Your goal:
Your copy of the listing must be exact and must hold no images.

Data provided:
<<<<
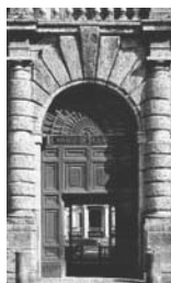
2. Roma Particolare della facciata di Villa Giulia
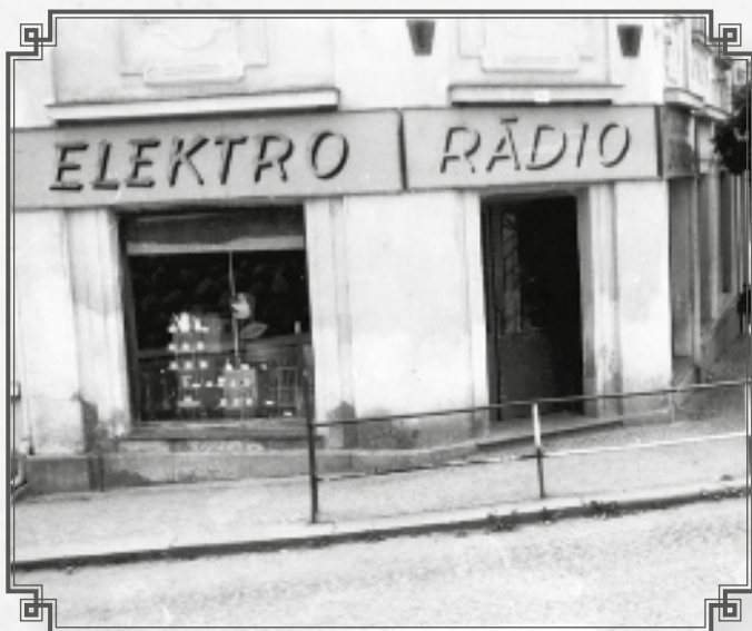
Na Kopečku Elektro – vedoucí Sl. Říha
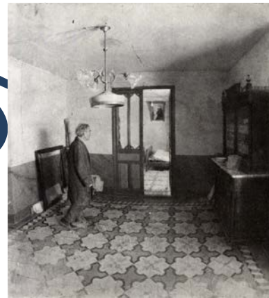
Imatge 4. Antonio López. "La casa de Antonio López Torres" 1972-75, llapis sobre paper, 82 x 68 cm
>>>>
Exercise response:
2. Roma Particolare della facciata di Villa Giulia
Na Kopečku Elektro – vedoucí Sl. Říha
Imatge 4. Antonio López. "La casa de Antonio López Torres" 1972-75, llapis sobre paper, 82 x 68 cm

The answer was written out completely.